All that should be output is the block of lines below from the line with "CORRELATED NESTED QUERIES" to the line with "Chris Rudolph kam", both included, exactly as written.
START Supplied records
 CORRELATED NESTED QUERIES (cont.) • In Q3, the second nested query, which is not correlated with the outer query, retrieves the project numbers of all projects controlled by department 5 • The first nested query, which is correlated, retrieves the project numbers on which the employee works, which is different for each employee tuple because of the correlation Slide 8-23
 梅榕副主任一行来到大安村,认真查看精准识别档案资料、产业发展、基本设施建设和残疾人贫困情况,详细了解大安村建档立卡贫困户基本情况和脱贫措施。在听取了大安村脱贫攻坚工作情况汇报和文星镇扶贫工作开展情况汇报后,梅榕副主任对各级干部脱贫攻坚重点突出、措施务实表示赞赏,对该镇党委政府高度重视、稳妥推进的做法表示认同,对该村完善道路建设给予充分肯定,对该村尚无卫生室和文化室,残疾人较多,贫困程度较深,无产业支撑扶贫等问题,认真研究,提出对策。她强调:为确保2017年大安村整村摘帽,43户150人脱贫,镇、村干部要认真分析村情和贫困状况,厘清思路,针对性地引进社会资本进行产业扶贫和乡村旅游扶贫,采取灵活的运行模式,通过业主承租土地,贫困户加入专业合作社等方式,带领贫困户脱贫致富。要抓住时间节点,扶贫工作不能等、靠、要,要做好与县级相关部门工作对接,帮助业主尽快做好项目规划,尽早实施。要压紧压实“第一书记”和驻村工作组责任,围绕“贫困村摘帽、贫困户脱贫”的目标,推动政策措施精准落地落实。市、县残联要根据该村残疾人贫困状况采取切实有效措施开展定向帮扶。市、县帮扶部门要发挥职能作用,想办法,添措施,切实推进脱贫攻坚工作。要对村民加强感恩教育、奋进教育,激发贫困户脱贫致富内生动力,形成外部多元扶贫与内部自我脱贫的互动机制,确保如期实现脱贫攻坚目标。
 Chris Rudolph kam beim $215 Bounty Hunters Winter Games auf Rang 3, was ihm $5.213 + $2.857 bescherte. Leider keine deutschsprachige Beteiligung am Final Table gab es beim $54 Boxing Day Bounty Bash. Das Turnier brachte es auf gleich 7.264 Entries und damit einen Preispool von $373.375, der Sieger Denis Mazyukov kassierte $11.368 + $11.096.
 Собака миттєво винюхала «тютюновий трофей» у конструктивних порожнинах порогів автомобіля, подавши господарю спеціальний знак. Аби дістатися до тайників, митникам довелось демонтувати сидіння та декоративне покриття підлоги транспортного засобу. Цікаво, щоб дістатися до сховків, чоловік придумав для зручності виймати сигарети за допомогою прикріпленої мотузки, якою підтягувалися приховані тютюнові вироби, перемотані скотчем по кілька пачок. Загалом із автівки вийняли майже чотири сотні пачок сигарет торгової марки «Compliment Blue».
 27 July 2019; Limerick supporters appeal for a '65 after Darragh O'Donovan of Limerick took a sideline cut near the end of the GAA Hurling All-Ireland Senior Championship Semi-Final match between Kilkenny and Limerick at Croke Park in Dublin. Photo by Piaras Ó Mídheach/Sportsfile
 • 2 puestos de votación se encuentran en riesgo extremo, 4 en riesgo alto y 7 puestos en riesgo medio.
END Supplied records
START Supplied records
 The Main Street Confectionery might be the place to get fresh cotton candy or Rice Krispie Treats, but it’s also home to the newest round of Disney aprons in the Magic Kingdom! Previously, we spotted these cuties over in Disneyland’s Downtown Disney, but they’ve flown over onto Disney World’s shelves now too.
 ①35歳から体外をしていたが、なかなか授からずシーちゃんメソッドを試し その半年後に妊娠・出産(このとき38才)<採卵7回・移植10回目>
END Supplied records
* _Answer below_
 CORRELATED NESTED QUERIES (cont.) • In Q3, the second nested query, which is not correlated with the outer query, retrieves the project numbers of all projects controlled by department 5 • The first nested query, which is correlated, retrieves the project numbers on which the employee works, which is different for each employee tuple because of the correlation Slide 8-23
 梅榕副主任一行来到大安村,认真查看精准识别档案资料、产业发展、基本设施建设和残疾人贫困情况,详细了解大安村建档立卡贫困户基本情况和脱贫措施。在听取了大安村脱贫攻坚工作情况汇报和文星镇扶贫工作开展情况汇报后,梅榕副主任对各级干部脱贫攻坚重点突出、措施务实表示赞赏,对该镇党委政府高度重视、稳妥推进的做法表示认同,对该村完善道路建设给予充分肯定,对该村尚无卫生室和文化室,残疾人较多,贫困程度较深,无产业支撑扶贫等问题,认真研究,提出对策。她强调:为确保2017年大安村整村摘帽,43户150人脱贫,镇、村干部要认真分析村情和贫困状况,厘清思路,针对性地引进社会资本进行产业扶贫和乡村旅游扶贫,采取灵活的运行模式,通过业主承租土地,贫困户加入专业合作社等方式,带领贫困户脱贫致富。要抓住时间节点,扶贫工作不能等、靠、要,要做好与县级相关部门工作对接,帮助业主尽快做好项目规划,尽早实施。要压紧压实“第一书记”和驻村工作组责任,围绕“贫困村摘帽、贫困户脱贫”的目标,推动政策措施精准落地落实。市、县残联要根据该村残疾人贫困状况采取切实有效措施开展定向帮扶。市、县帮扶部门要发挥职能作用,想办法,添措施,切实推进脱贫攻坚工作。要对村民加强感恩教育、奋进教育,激发贫困户脱贫致富内生动力,形成外部多元扶贫与内部自我脱贫的互动机制,确保如期实现脱贫攻坚目标。
 Chris Rudolph kam beim $215 Bounty Hunters Winter Games auf Rang 3, was ihm $5.213 + $2.857 bescherte. Leider keine deutschsprachige Beteiligung am Final Table gab es beim $54 Boxing Day Bounty Bash. Das Turnier brachte es auf gleich 7.264 Entries und damit einen Preispool von $373.375, der Sieger Denis Mazyukov kassierte $11.368 + $11.096.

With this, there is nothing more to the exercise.